(Stored data)
_ _ _ _

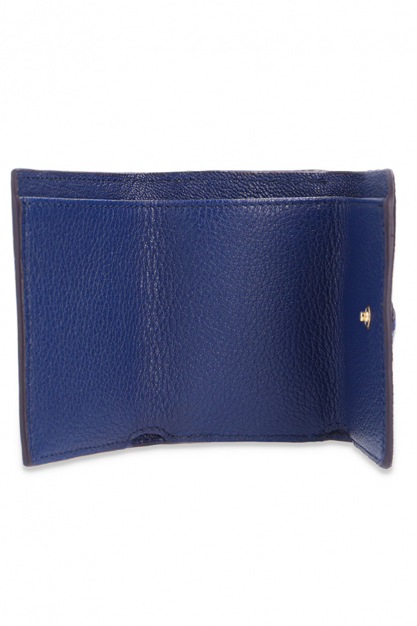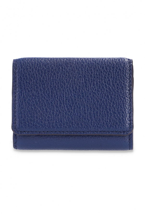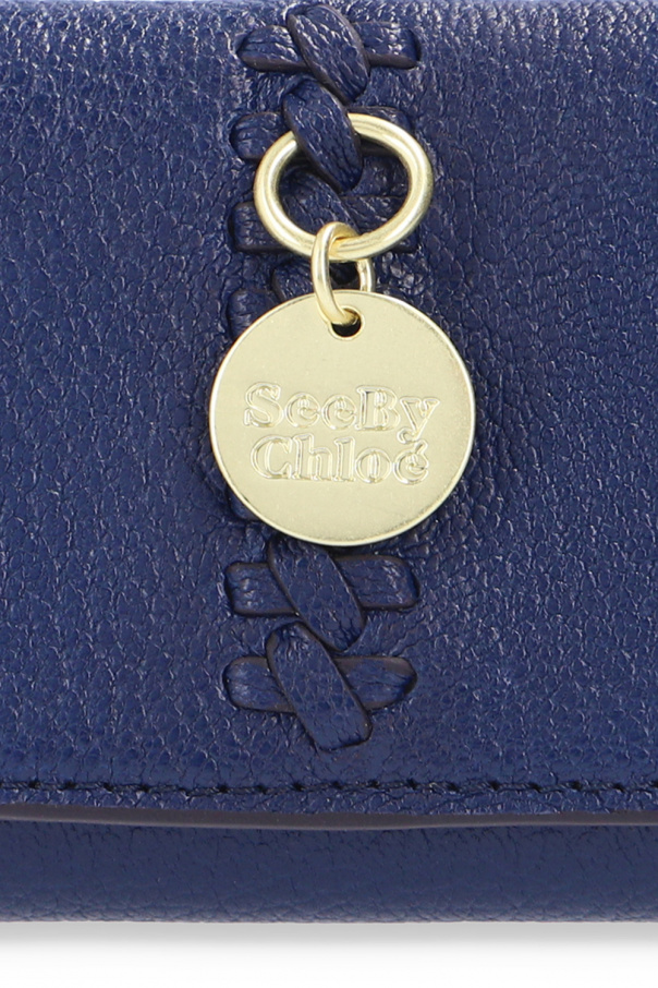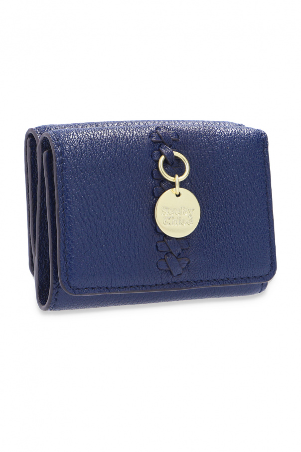Navy blue folding wallet from See By Chloé. Crafted from grainy leather, this item fastens via a snap and showcases a gold-tone charm with an embossed logo, a snap-fastened coin pocket at the back and three card slots and a bill compartment inside.
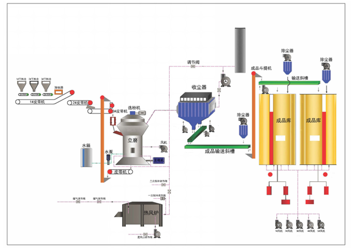 堆放著的礦渣由鏟車(chē)取料、喂料,通過(guò)皮帶機(jī)進(jìn)行輸送。在輸送過(guò)程中,礦渣原料先后經(jīng)由除鐵器和振動(dòng)篩得到除鐵和篩分,然后通過(guò)稱(chēng)重設(shè)備倉(cāng)、提升機(jī)進(jìn)入礦渣立磨機(jī)進(jìn)行粉磨。粉磨后的礦渣借助熱風(fēng)爐提供的熱風(fēng),通過(guò)選粉機(jī)進(jìn)行選粉,同時(shí)得到烘干。符合細(xì)度要求的礦渣粉較后被輸送到收塵器收集、盛放后,由空氣輸送斜槽、提升機(jī)進(jìn)入成品庫(kù)中儲(chǔ)存。
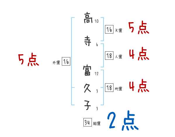 外運![]() | 高寺富久子さんの外運は16画の5つ星!人望が厚く大きく発展する。逆転成功が見える。 生活面を象徴する運勢です。外部から受ける影響力を表し、結婚運、家庭運や職場、環境への順応性を表します。 |
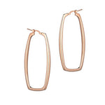 A contemporary hoop earring that is long and gently squared at the bottom for a more edgey look. Light to wear.
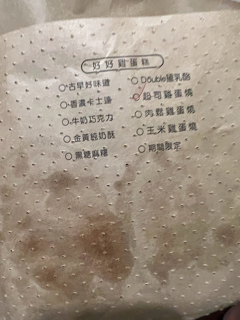 非常好吃的雞蛋糕,用料飽滿、實在,店員也很親切,原本以為是一般的時薪的雞蛋糕沒想到,是有包餡料的類型。非常特別、好吃。

_ _ _ _

Pictures are to be left out, while the records are copied word for word.

Answer box ::
Navy blue folding wallet from See By Chloé. Crafted from grainy leather, this item fastens via a snap and showcases a gold-tone charm with an embossed logo, a snap-fastened coin pocket at the back and three card slots and a bill compartment inside.
 堆放著的礦渣由鏟車(chē)取料、喂料,通過(guò)皮帶機(jī)進(jìn)行輸送。在輸送過(guò)程中,礦渣原料先后經(jīng)由除鐵器和振動(dòng)篩得到除鐵和篩分,然后通過(guò)稱(chēng)重設(shè)備倉(cāng)、提升機(jī)進(jìn)入礦渣立磨機(jī)進(jìn)行粉磨。粉磨后的礦渣借助熱風(fēng)爐提供的熱風(fēng),通過(guò)選粉機(jī)進(jìn)行選粉,同時(shí)得到烘干。符合細(xì)度要求的礦渣粉較后被輸送到收塵器收集、盛放后,由空氣輸送斜槽、提升機(jī)進(jìn)入成品庫(kù)中儲(chǔ)存。
 外運![]() | 高寺富久子さんの外運は16画の5つ星!人望が厚く大きく発展する。逆転成功が見える。 生活面を象徴する運勢です。外部から受ける影響力を表し、結婚運、家庭運や職場、環境への順応性を表します。 |
 A contemporary hoop earring that is long and gently squared at the bottom for a more edgey look. Light to wear.
 非常好吃的雞蛋糕,用料飽滿、實在,店員也很親切,原本以為是一般的時薪的雞蛋糕沒想到,是有包餡料的類型。非常特別、好吃。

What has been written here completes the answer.